🔬 Research Summary by Hidde Fokkema, a PhD student under supervision of Dr. Tim van Erven, working on the topic of mathematically formalizing Explainable AI.
[Original paper by Hidde Fokkema, Damien Garreau, and Tim van Erven]
Overview: Generating counterfactual explanations is a popular method of providing users with an explanation of a decision made by a machine learning model. However, in our paper, we show that providing many users with such an explanation can adversely affect the predictive accuracy of the model. We characterize where this drop in accuracy can happen and show the consequences of possible solutions.
Introduction
As Machine Learning models are increasingly being deployed in many areas, such as finance and healthcare, the need for interpretable machine learning or explanations of predictions has increased. One proposed method of providing explanations is Counterfactual Explanations. This type of explanation gives recourse to the user.
The prototypical example to explain this method is considering a credit loan applicant and a loan provider. The provider might have some automated system in place that rejects or accepts your application based on the information that you provide. If your application gets denied, a counterfactual explanation would be, “If your income would have been $2000 higher and your debt was $5000 lower, your application would have been accepted”. In the last years, many different methods have been proposed that generate such explanations, considering considerations like feasibility, actionability, and effort of the suggested action to be taken.
These kinds of explanations are desirable, but if you investigate the impact of providing such explanations to many applicants, there is a considerable chance that this practice will hurt the predictive power of the automated system! On average more people will default on their credit loans. This is harmful to the loan provider but also hurtful to the applicants. In our paper, we determine when this harmful effect can appear and quantify the impact. We also empirically show that the risk increase will happen in many different scenarios and discuss different ways to strategically protect against this phenomenon, with their possible downsides.

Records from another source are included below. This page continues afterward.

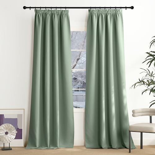 NICETOWN Rideaux Thermique de Fenêtre Draperies Galon Fronceur Lumineux Bloquer Anti UV pour Decoration Maison Chambre, 140cm Largeur sur 240 Hauteur, Sauge Vert, 2 Pièces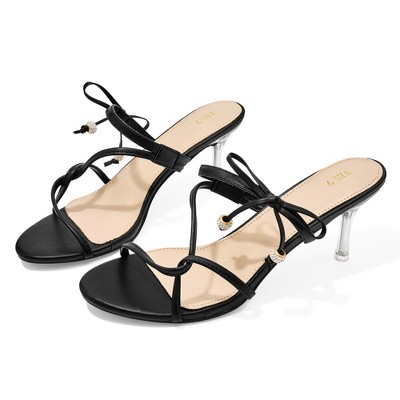 BLISSFUL STEP Bow Knot Open-Toe Stiletto Heel Rhinestone Sandals for Women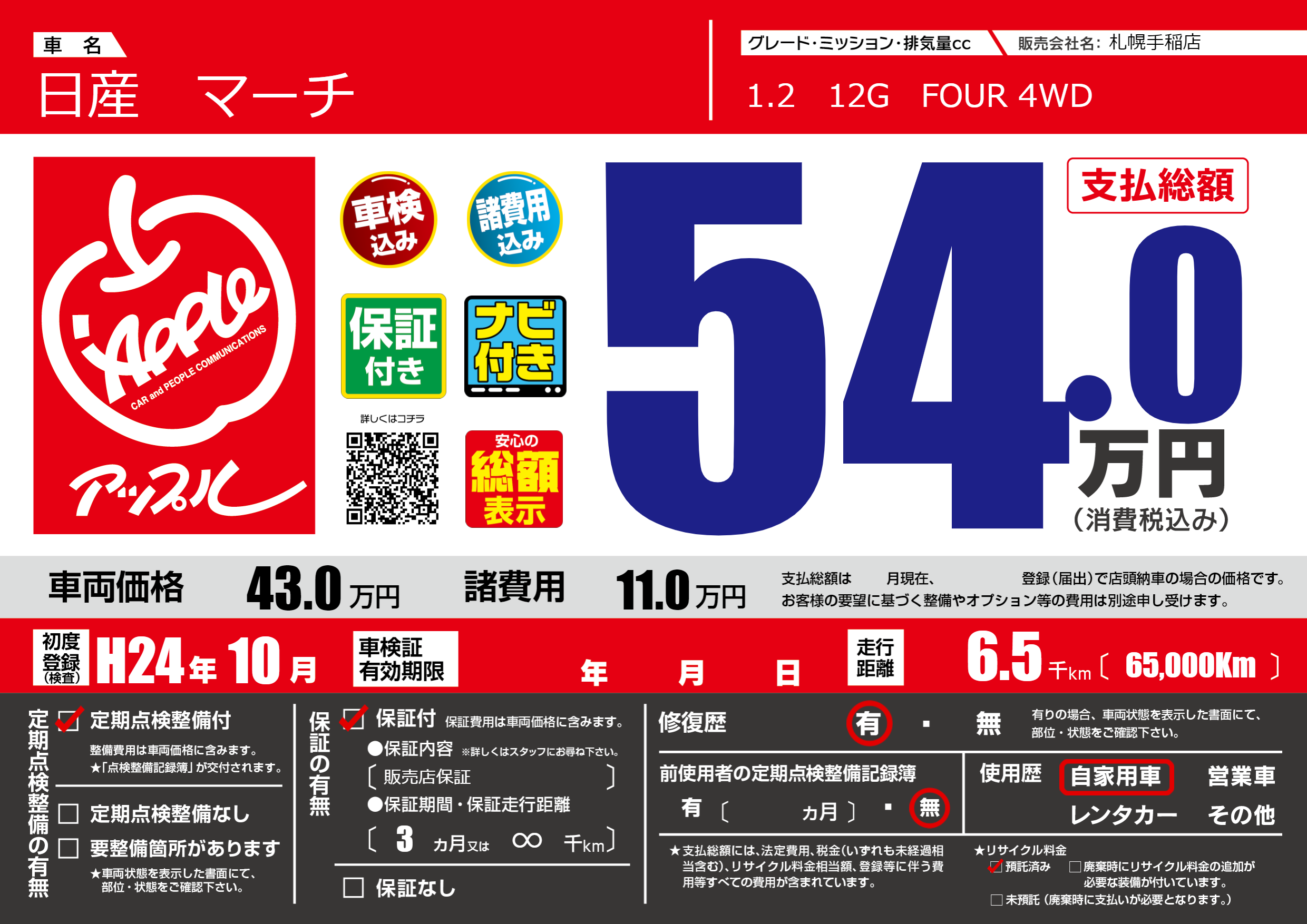 | 車名 | 日産 マーチ | グレード ミッション 排気量 |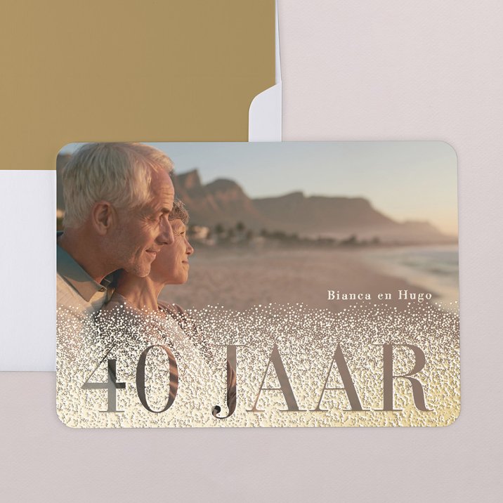 Nodig jullie gasten uit voor jullie 40 jarig huwelijksfeest met een mooie huwelijksjubileum uitnodiging die jullie trouwfoto volledig tot zijn recht laat komen.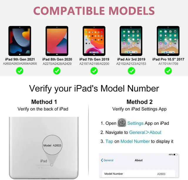 Air 3 (Models: A2123 / A2152 / A2153), and the 2017 10.5 -inch iPad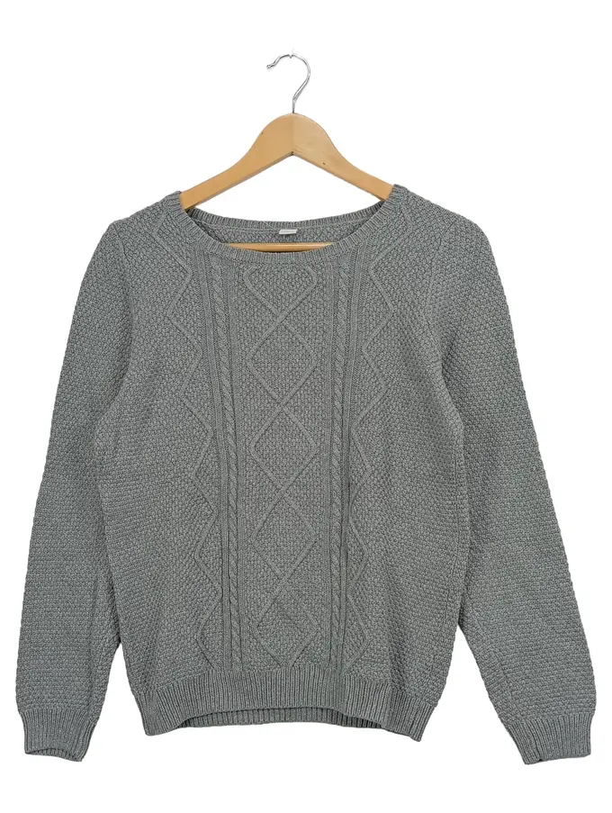 Damen Pullover Grau M Baumwolle Zopfstrick Langarm Freizeit

How recourse can hurt predictive accuracy
Counterfactual Explanations change the data
In our loan applicant example, the loan provider has a model that classifies if an applicant is creditworthy or un-creditworthy. This classifier divides the space of possible applicants into two regions, where on one side of the border, you are deemed creditworthy and on the other side, not. A counterfactual explanation shows you the closest point just over this border whenever you are in the uncreditworthy area. This means that if a large portion of the people on that side get a counterfactual explanation, the distribution of possible applicants will change as they will start moving toward the border. However, the model of the loan provider was constructed assuming the original distribution of applicants!
The impact on accuracy
The observation that providing recourse to many applicants will change the underlying distribution of applicants, leads to the question of what the actual impact of this change is. To answer this question, we need to look at the decision boundary previously mentioned. If a point lies close to the decision boundary, but in the uncreditworthy area, it actually means that the model is quite uncertain about the creditworthiness. If that same point would have been attached to slightly different information, then it would have been classified as creditworthiness. In other words, the model will be wrong more often for points that lie close to the decision boundary than for points that are far away. Normally, this does not cause any problems, since the number of points close to the decision boundary will be small compared to points that are further away. But remember, the counterfactual explanations moved many points closer to the decision boundary! This effect essentially ensures that the model will be less accurate after many applicants receive a counterfactual explanation.
There is another effect that potentially plays a role. If a loan applicant knows what needs to be done to get the loan, then they could maliciously follow this advice without changing the underlying behavior which caused them to be deemed uncreditworthy. This is a well-known problem that is addressed in the field of called strategic classification. It is interesting to note that the derived drop in accuracy in our setting holds, even when there is no malicious intent involved! This latter effect will only enlarge the observed drop in accuracy.
Strategizing
After seeing these results, a loan provider might want to protect itself against this accuracy drop. The optimal choice, as it turns out, would be to construct a model so that it becomes increasingly difficult to get your application accepted in the first place. Then, providing recourse should only allow the applicants that would have been previously accepted to move towards the region where the loan will get accepted. For all the other denied applicants, moving towards the accepted region should be too difficult or take too much effort. If the loan provider can construct such a model, the accuracy will be the same as before, which would be good for the loan provider. However, as an unfortunate result, it made the whole process of receiving a loan more difficult for the applicants.
Conclusion
The example used throughout this article exemplifies the general result we show in our main article. There are, of course, many aspects and extensions that can be made to make this example more realistic and which are encompassed by the results in our paper. Our results show that using counterfactual explanations to provide explanations to your users can have negative effects for both parties. This does not mean that they should never be used, however. In situations where you would not need to act out the counterfactual explanation, it could provide useful insight into how the model works.
Between the lines
A large amount of research is being conducted into developing new counterfactual methods that work faster, better, and that can work for many different models. However, keeping our results in mind, the question of when a counterfactual explanation benefits both user and provider is rarely considered. When explanations for your particular application are needed, this question needs to be answered first, and when done so, it could be that other forms of explanations are more desirable.